SOURCE DATA
BEGIN

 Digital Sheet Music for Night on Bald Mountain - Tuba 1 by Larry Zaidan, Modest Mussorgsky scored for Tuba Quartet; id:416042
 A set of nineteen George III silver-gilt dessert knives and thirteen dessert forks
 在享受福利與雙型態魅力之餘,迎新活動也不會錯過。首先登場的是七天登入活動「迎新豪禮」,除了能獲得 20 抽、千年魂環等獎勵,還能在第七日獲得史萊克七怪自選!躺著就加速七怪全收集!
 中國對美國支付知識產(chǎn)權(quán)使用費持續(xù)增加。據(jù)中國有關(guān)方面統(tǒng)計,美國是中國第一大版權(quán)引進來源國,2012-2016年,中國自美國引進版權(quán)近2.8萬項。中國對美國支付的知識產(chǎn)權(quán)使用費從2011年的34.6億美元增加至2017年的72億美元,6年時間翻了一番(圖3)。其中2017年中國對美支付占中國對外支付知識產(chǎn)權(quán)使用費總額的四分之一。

END
BEGIN

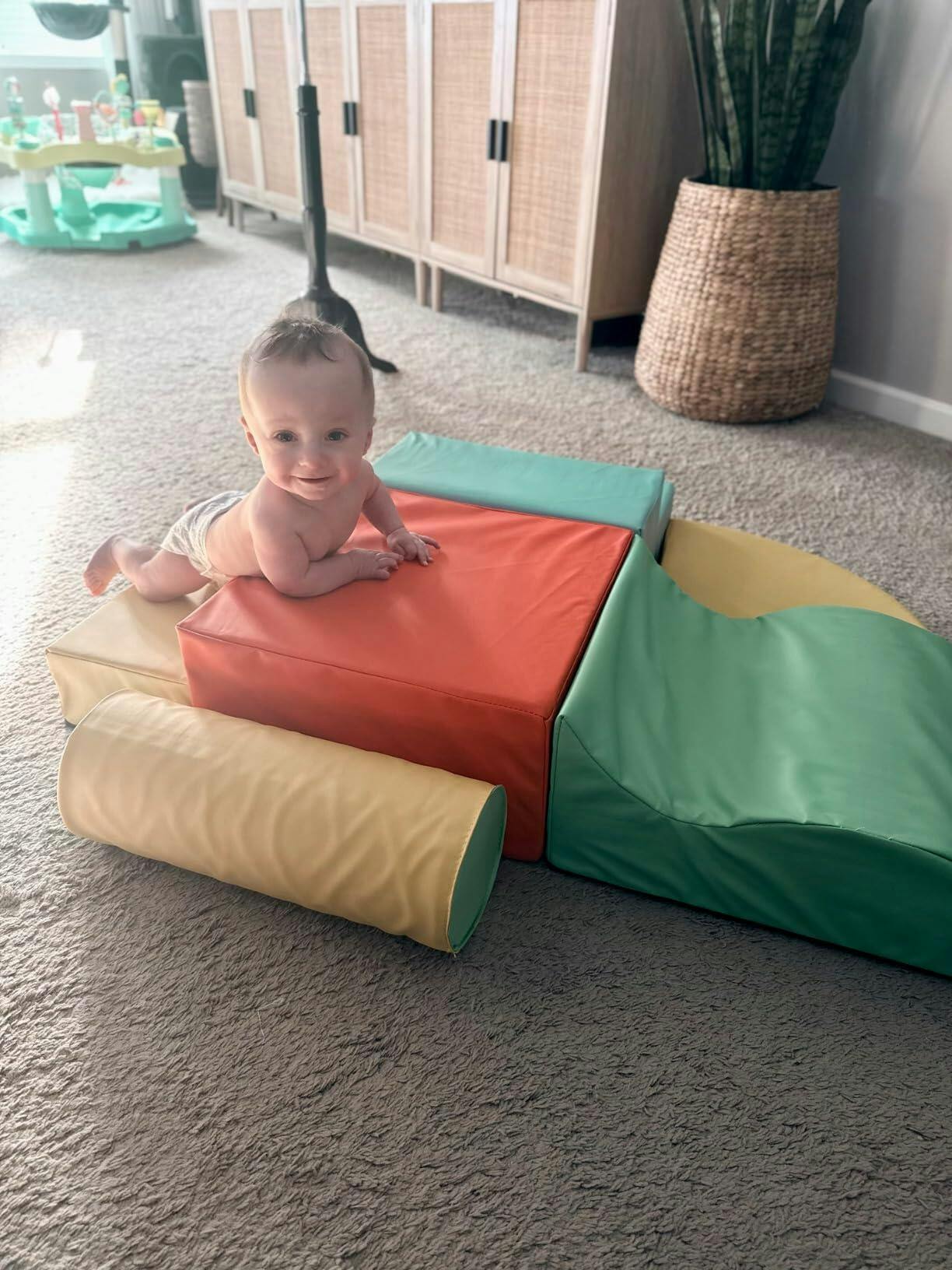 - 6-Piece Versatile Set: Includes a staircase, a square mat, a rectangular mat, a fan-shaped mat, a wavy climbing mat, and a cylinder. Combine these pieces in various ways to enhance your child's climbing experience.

END

DIRECTIONS
Look through the material above and print exactly the lines from the one containing "Digital Sheet Music" to the one containing "中國對美國支付知識產(chǎ", both included, and nothing more.

ANSWER TO THIS PROBLEM
 Digital Sheet Music for Night on Bald Mountain - Tuba 1 by Larry Zaidan, Modest Mussorgsky scored for Tuba Quartet; id:416042
 A set of nineteen George III silver-gilt dessert knives and thirteen dessert forks
 在享受福利與雙型態魅力之餘,迎新活動也不會錯過。首先登場的是七天登入活動「迎新豪禮」,除了能獲得 20 抽、千年魂環等獎勵,還能在第七日獲得史萊克七怪自選!躺著就加速七怪全收集!
 中國對美國支付知識產(chǎn)權(quán)使用費持續(xù)增加。據(jù)中國有關(guān)方面統(tǒng)計,美國是中國第一大版權(quán)引進來源國,2012-2016年,中國自美國引進版權(quán)近2.8萬項。中國對美國支付的知識產(chǎn)權(quán)使用費從2011年的34.6億美元增加至2017年的72億美元,6年時間翻了一番(圖3)。其中2017年中國對美支付占中國對外支付知識產(chǎn)權(quán)使用費總額的四分之一。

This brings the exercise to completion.